You can use DIY CO2 on a large tank as long as the lighting is kept low. If the lighting is low the CO2 demand is low. It's when people try to use bright lighting on a large tank with DIY that they get into lots of trouble. Light is to a tank what an accelerator pedal is to a car. High light creates high demand for CO2 and nutrients. Low light reduces the demands and the stress. The real problem with DIY CO2 is it's inherent instability so one has to take great pains to ensure a steady supply by alternating bottles and so forth. Stupid amounts of CO2 are only required when stupid amounts of lighting is applied to the tank. It's not easy but it is doable.

Riccia does not respond well to Excel or EasyCarbo which are essentially the same product.

Cheers,


----------



## Schmill (26 Feb 2009)

Thanks for another in-depth response, plenty of learning for me to do here!

Out of interest, in your opinion where do I fall with regards to the lighting?
As mentioned above I am currently running a lighting bar with 2x 39W HOT5 tubes on it, but I also have a lighting bar that I 'think' (its put away at the moment) is 2x 30 or 35W T8 tubes.
Would I benefit from 'downgrading' back to the T8 tubes? I really prefer the look of the tank & fish with the extra lighting that the T5's give, but don't want to be causing problems with the plants...

Thanks again


----------



## ceg4048 (26 Feb 2009)

Hi,
    If you prefer the look of the T5's then that's what you ought to aim for. If you wanted to stay non-CO2 you could, for example, remove one or both of the reflectors which are actually multiplying the energy input to the tank. That alone might solve your problem. 80 watts T5 over a 75 USG tank ought to be able to withstand a non-injected environment but carpet plants simply don't do well without Carbon addition. Carpet plants are difficult enough even when CO2 is added so that's always going to be a challenge. The Vallis is more of a mystery because they normally can feed from the carbonates in the water column, assuming you're using tap water and not RO, rainwater or other de-mineralized water.

The thing is that you need to investigate what works in your tank. Each is different, not because science works differently in each tank, but because there are unique combinations of environmental factors in each (not to mention unique hobbyists as well), so I would at least consider trying DIY just to learn what works or doesn't work. As I suggested, try the liquid carbon in combination with something other than the Vallis or Riccia in order to determine what does grow well for you. Don't get hung up on this species or that. A plant like Ludwigia Augustfolia for example is a strong grower and kinda looks like Vallis from a distance (if you close one eye  ).

Cheers,


----------



## beeky (9 Mar 2009)

YzemaN said:
			
		

> If you start dosing Ecel your Vallis will definitely be a goner.

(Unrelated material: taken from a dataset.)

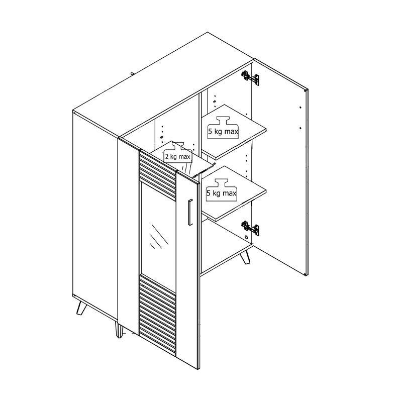 The discreet MDF foiling on the surfaces of the display cabinet and the elegant wooden handle add a touch of luxury, while its durable construction ensures its long-term use. If you want to add even more elegance, you can combine it with elements of soft green, mint or light gray, creating a particularly sophisticated effect.

They don't like liquid carbon at all. Same goes for Elodea, Eleocharis and some Rotala species.



That's not stricly true.

A number of people have experienced vallis die back when using carbon supplements, but an equal number of people (including me) have seen no ill effects. There may be other factors at work, including variety susceptibility. I didn't overdose Excel and my (straight) vallis was well established. I didn't see any change in growth once I started using it (better or worse), it was still growing like a weed 6 months later.

Regarding DIY CO2, I use one 2l coke bottle on my 160l tank and I find it's more than enough. For the first 2 days after renewing the mixture I disconnect it at night as my tank is heavily stocked and the bottle is pumping out about 1 bubble a second into the filter which I reckon is enough, going by the amount of pearling going on (not very scientific I know!). I use 2 T5 tubes with reflectors. Once the bubble rate starts dropping though (about 8 days or so) it's time to renew.


----------



## Craster (18 Mar 2009)

Overdosing Excel or EasyCarbo can be harmful to Vallis, but following the recommended dosage shouldn't be. Vallis won't use the carbon source provided by it though. If you have hard water, you should be OK because I believe Vallis like to take their carbon from the water column as carbonates.


----------